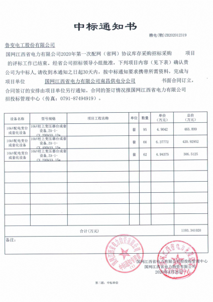 此次中标设备包含了10kV 变压器以及10kV配电变台成套化设备,本次招投标过程中,供应商数量多,均具备不俗实力,竞争异常激烈,我公司可以中标足以证明我公司的综合实力。此次中标再一次巩固了我公司在电力行业的市场地位,为以后的市场开拓打下更坚实的基础。
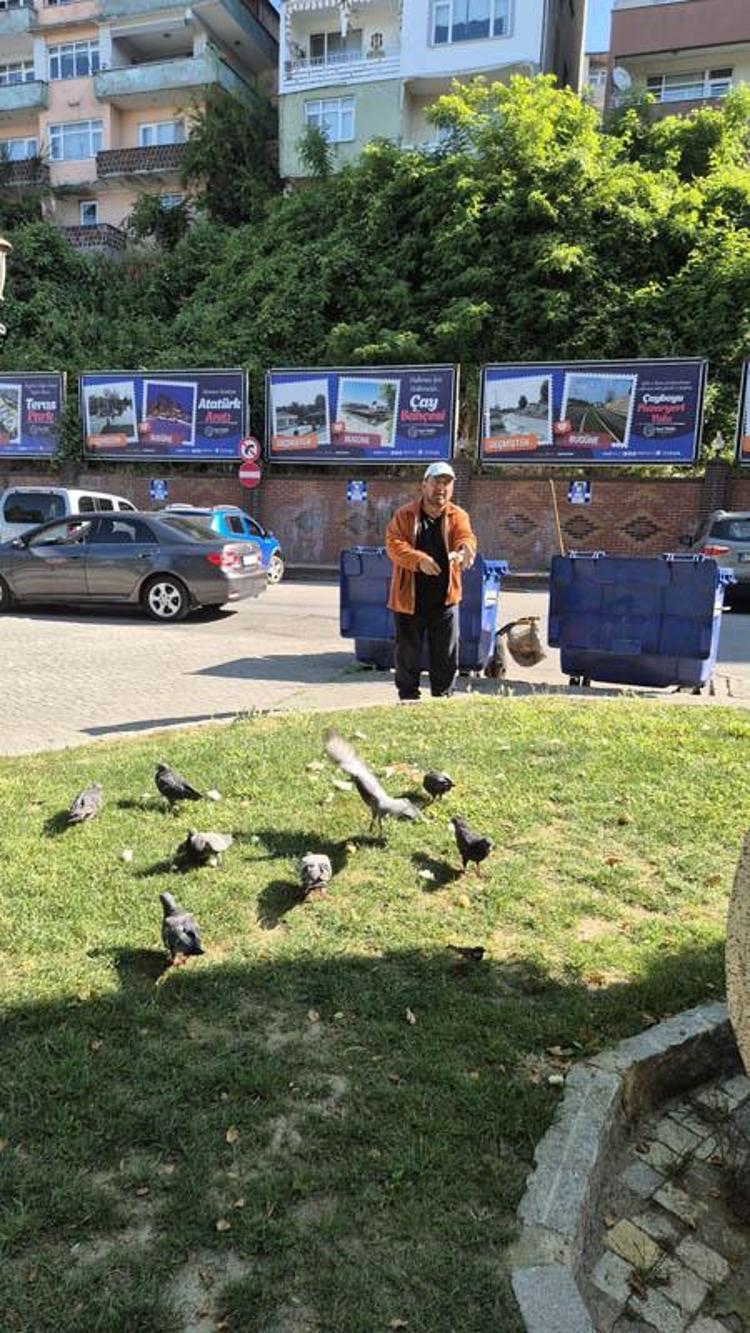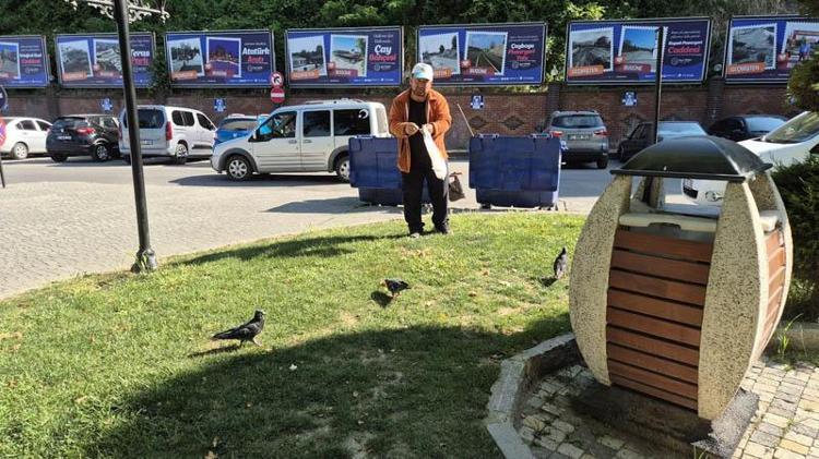 Çevresindeki insanların da bu alışkanlığını bildiğini söyleyen Ertürk, "Bazen insanlar, bayat ekmekleri poşetleyip çöp konteynerlerinin yanına bırakıyor. Ben de o ekmekleri alıp parka götürüyorum. Güvercinler beni görünce hemen etrafıma toplanıyor. Bazen sokak köpekleri ve kediler de geliyor. Onları besledikten sonra işime geri dönüyorum" diye konuştu.
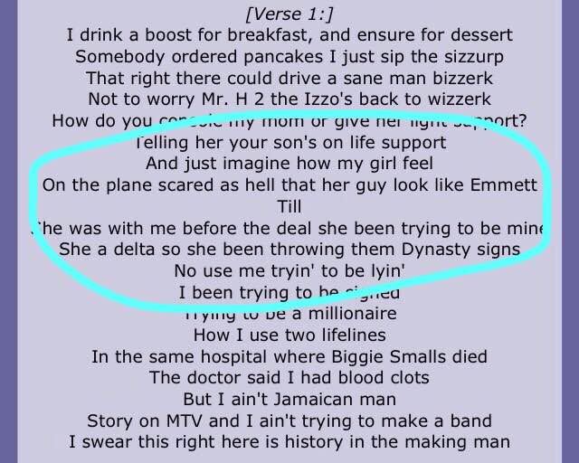 During the presentation about Emit Till I first shocked that I hadn’t learned about the event before, but I also knew that I had heard the name many times before. For spring break my friends and I road tripped up to San Francisco, and on the way I figured out where I had heard it – in a Kanye West song. I was driving and the song “Through the Wire” by Kanye came on spotify while everyone else was asleep and I couldn’t believe it. I had heard the song countless times and always wondered what he had meant by his girlfriend being afraid that he looks like Emit Till after his almost fatal car crash, and now I know.
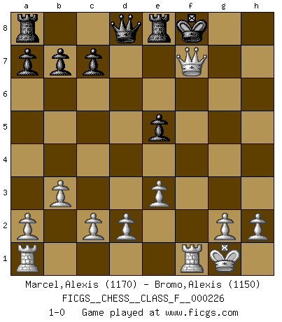 Last move : 1-0 2020 March 16 12:17:16 [Event "FICGS__CHESS__CLASS_F__000226"] [Site "FICGS"] [Date "2020.03.06"] [Round "1"] [White "Marcel,Alexis"] [Black "Bromo,Alexis"] [Result "1-0"] [WhiteElo "1170"] [BlackElo "1150"] 1.f4 d5 2.Nf3 Nc6 3.e3 Bg4 4.Be2 Bxf3 5.Bxf3 e5 6.fxe5 Nxe5 7.O-O Nf6 8.b3 Bd6 9.Bb2 O-O 10.Nc3 Nxf3+ 11.Qxf3 Re8 12.Nxd5 Re6 13.Nxf6+ gxf6 14.Qg4+ Kf8 15.Qh4 Be5 16.Bxe5 fxe5 17.Qxh7 Re8 18.Qxf7+ 1-0 Bird's Opening Kingside Castling by player White (move 7) Kingside Castling by player Black (move 9) Player White won this chess game. Follow this game move after move (download)In Chess, as it is played by masters, chance is practically eliminated. (Emanuel Lasker) Die Elozahlen sind sehr schlecht für das Schach. Jetzt ist Schach eine Sportindustrie, die darauf zielt Elopunkte zu machen. (Miguel Najdorf) No soy una persona materialista y por eso, no resiento la falta o pérdida del dinero. La ausencia de cosas mundanas carece de importancia. Ya que el Ajedrez es una forma en la que puedo ser tan materialista como yo desee sin tener la necesidad de vender mi alma. (Jamie Walter Adams) On n'a jamais que l'âge auquel on a commence à jouer aux échecs car après on cesse de vieillir. (Capablanca) The Internet is so big, so powerful and pointless that for some people it is a complete substitute for life. (Andrew Brown)
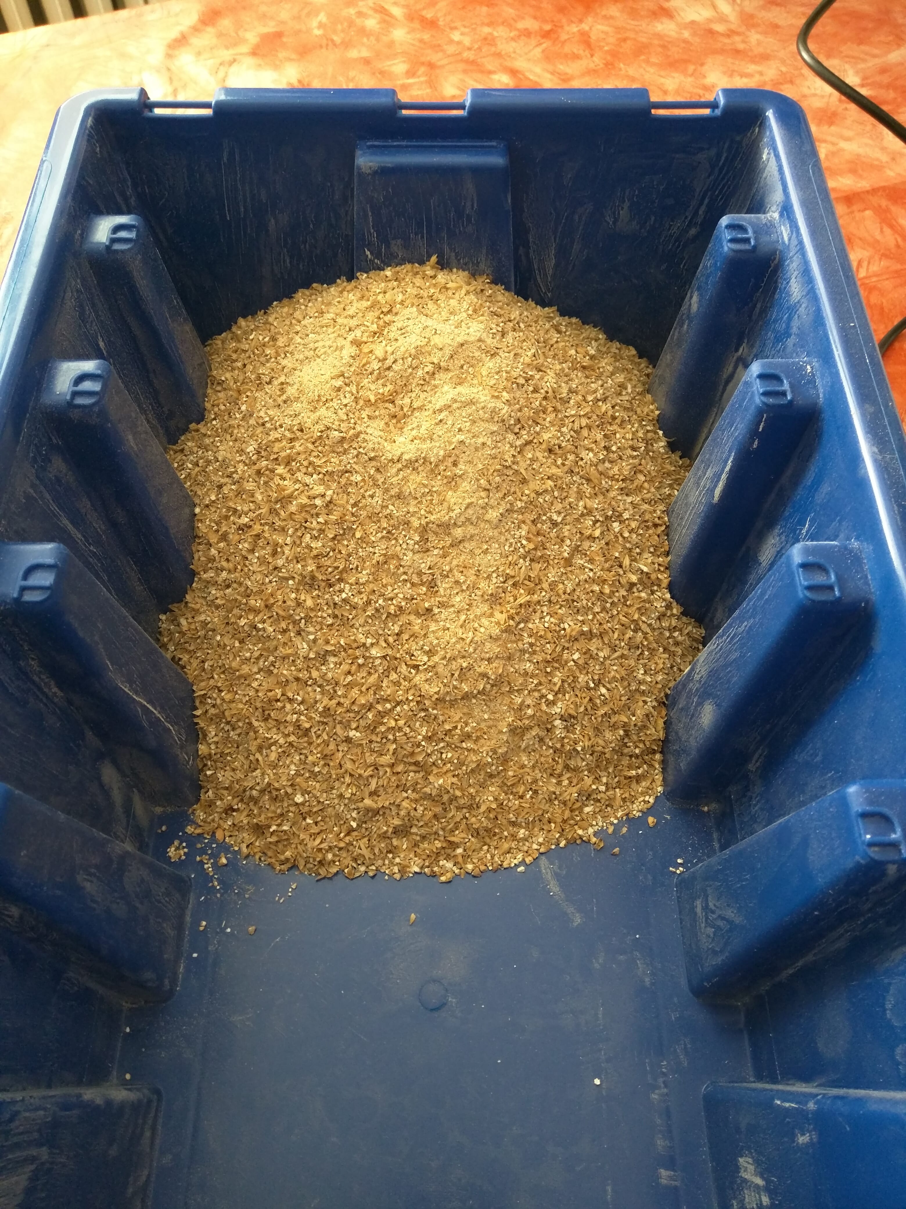 Here we go: Erstmals kam meine neue Schrot-Kiste zum Einsatz. Ich war gespannt, ob es möglich ist mit der Bohrmaschine zu Schroten. Die Röstgerste wurde durch die Zassenhaus gejagt.
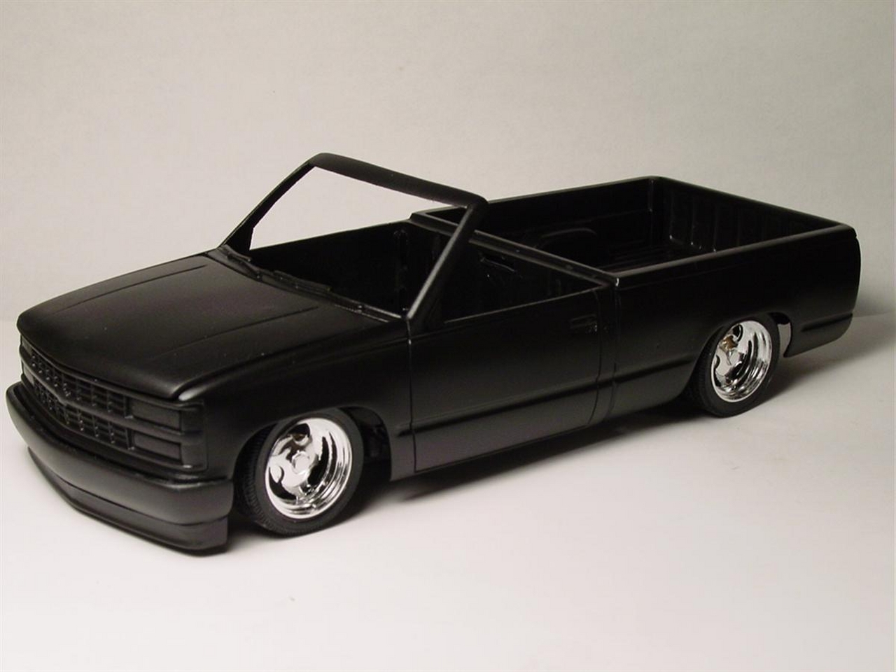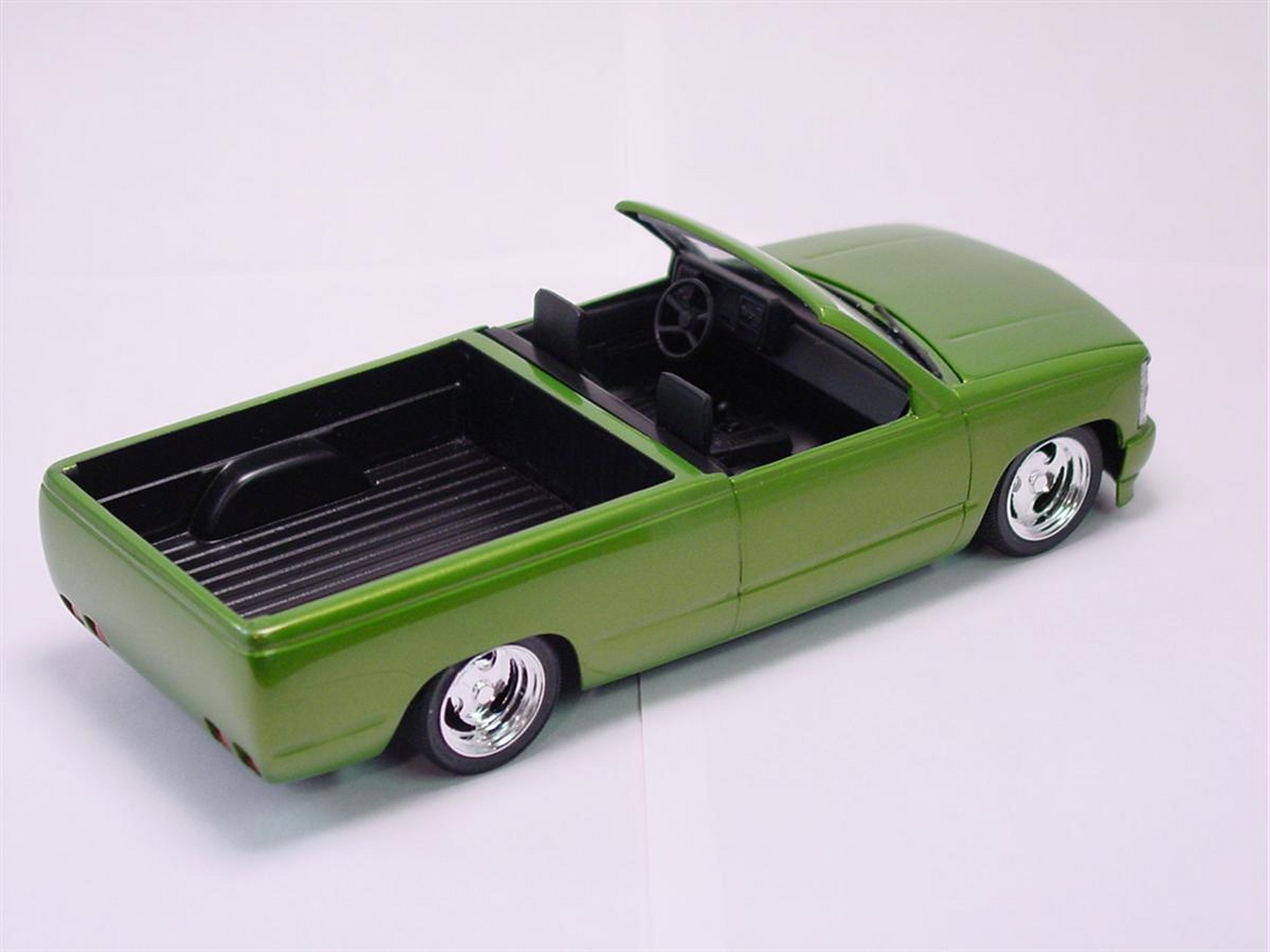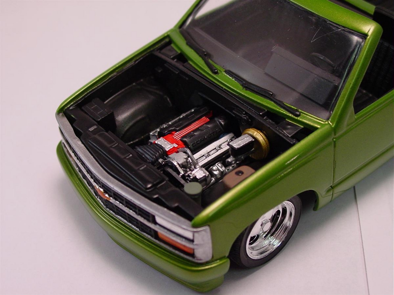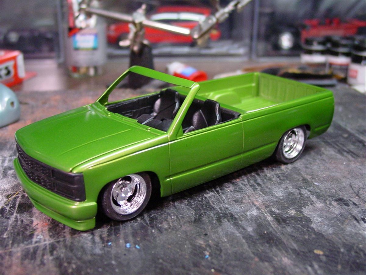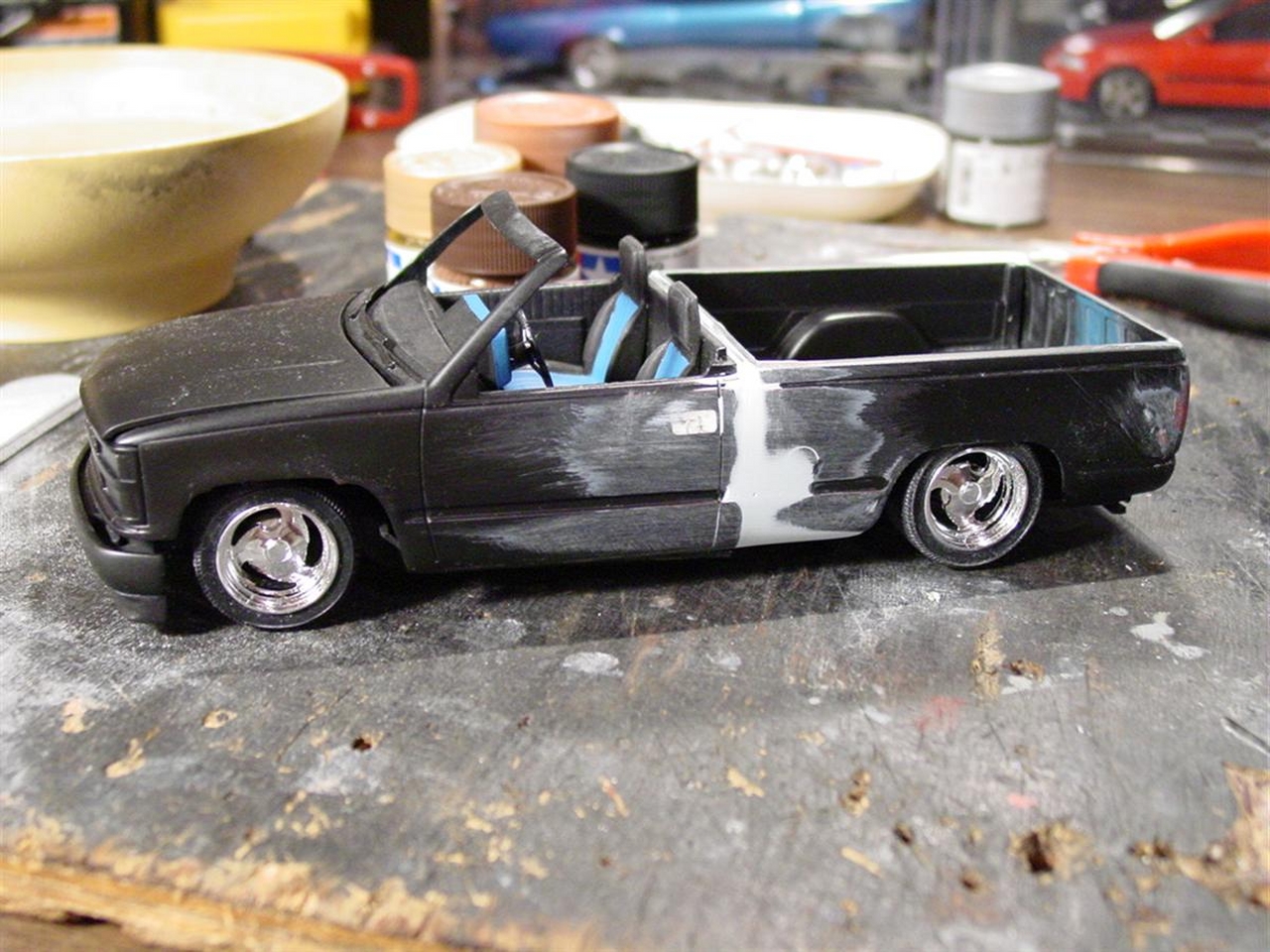 This was a labor of frustration! This kit weighs a lot! There is an incredible amount of body filler in this kit. I blended the cab into the bed. I blended the tail gate into the bed. I built up the area around the interior to make it look right. I later added corvette tail lights. They were sourced from a ’96 vette kit that I wasn’t going to build. I also used chezoom wheels, along with ’73 trans am front and rear suspension. I grafted in a transmission tunnel from a ’94 trans am kit. I used the engine from the Corvette kit. I also smoothed out quite a bit of the dash to give it a clean look.

^^^^

→ **Task objective**
Return all material verbatim, pictures omitted.

→ **Solution to this task**
 此次中标设备包含了10kV 变压器以及10kV配电变台成套化设备,本次招投标过程中,供应商数量多,均具备不俗实力,竞争异常激烈,我公司可以中标足以证明我公司的综合实力。此次中标再一次巩固了我公司在电力行业的市场地位,为以后的市场开拓打下更坚实的基础。
 Çevresindeki insanların da bu alışkanlığını bildiğini söyleyen Ertürk, "Bazen insanlar, bayat ekmekleri poşetleyip çöp konteynerlerinin yanına bırakıyor. Ben de o ekmekleri alıp parka götürüyorum. Güvercinler beni görünce hemen etrafıma toplanıyor. Bazen sokak köpekleri ve kediler de geliyor. Onları besledikten sonra işime geri dönüyorum" diye konuştu.
 During the presentation about Emit Till I first shocked that I hadn’t learned about the event before, but I also knew that I had heard the name many times before. For spring break my friends and I road tripped up to San Francisco, and on the way I figured out where I had heard it – in a Kanye West song. I was driving and the song “Through the Wire” by Kanye came on spotify while everyone else was asleep and I couldn’t believe it. I had heard the song countless times and always wondered what he had meant by his girlfriend being afraid that he looks like Emit Till after his almost fatal car crash, and now I know.
 Last move : 1-0 2020 March 16 12:17:16 [Event "FICGS__CHESS__CLASS_F__000226"] [Site "FICGS"] [Date "2020.03.06"] [Round "1"] [White "Marcel,Alexis"] [Black "Bromo,Alexis"] [Result "1-0"] [WhiteElo "1170"] [BlackElo "1150"] 1.f4 d5 2.Nf3 Nc6 3.e3 Bg4 4.Be2 Bxf3 5.Bxf3 e5 6.fxe5 Nxe5 7.O-O Nf6 8.b3 Bd6 9.Bb2 O-O 10.Nc3 Nxf3+ 11.Qxf3 Re8 12.Nxd5 Re6 13.Nxf6+ gxf6 14.Qg4+ Kf8 15.Qh4 Be5 16.Bxe5 fxe5 17.Qxh7 Re8 18.Qxf7+ 1-0 Bird's Opening Kingside Castling by player White (move 7) Kingside Castling by player Black (move 9) Player White won this chess game. Follow this game move after move (download)In Chess, as it is played by masters, chance is practically eliminated. (Emanuel Lasker) Die Elozahlen sind sehr schlecht für das Schach. Jetzt ist Schach eine Sportindustrie, die darauf zielt Elopunkte zu machen. (Miguel Najdorf) No soy una persona materialista y por eso, no resiento la falta o pérdida del dinero. La ausencia de cosas mundanas carece de importancia. Ya que el Ajedrez es una forma en la que puedo ser tan materialista como yo desee sin tener la necesidad de vender mi alma. (Jamie Walter Adams) On n'a jamais que l'âge auquel on a commence à jouer aux échecs car après on cesse de vieillir. (Capablanca) The Internet is so big, so powerful and pointless that for some people it is a complete substitute for life. (Andrew Brown)
 Here we go: Erstmals kam meine neue Schrot-Kiste zum Einsatz. Ich war gespannt, ob es möglich ist mit der Bohrmaschine zu Schroten. Die Röstgerste wurde durch die Zassenhaus gejagt.
 This was a labor of frustration! This kit weighs a lot! There is an incredible amount of body filler in this kit. I blended the cab into the bed. I blended the tail gate into the bed. I built up the area around the interior to make it look right. I later added corvette tail lights. They were sourced from a ’96 vette kit that I wasn’t going to build. I also used chezoom wheels, along with ’73 trans am front and rear suspension. I grafted in a transmission tunnel from a ’94 trans am kit. I used the engine from the Corvette kit. I also smoothed out quite a bit of the dash to give it a clean look.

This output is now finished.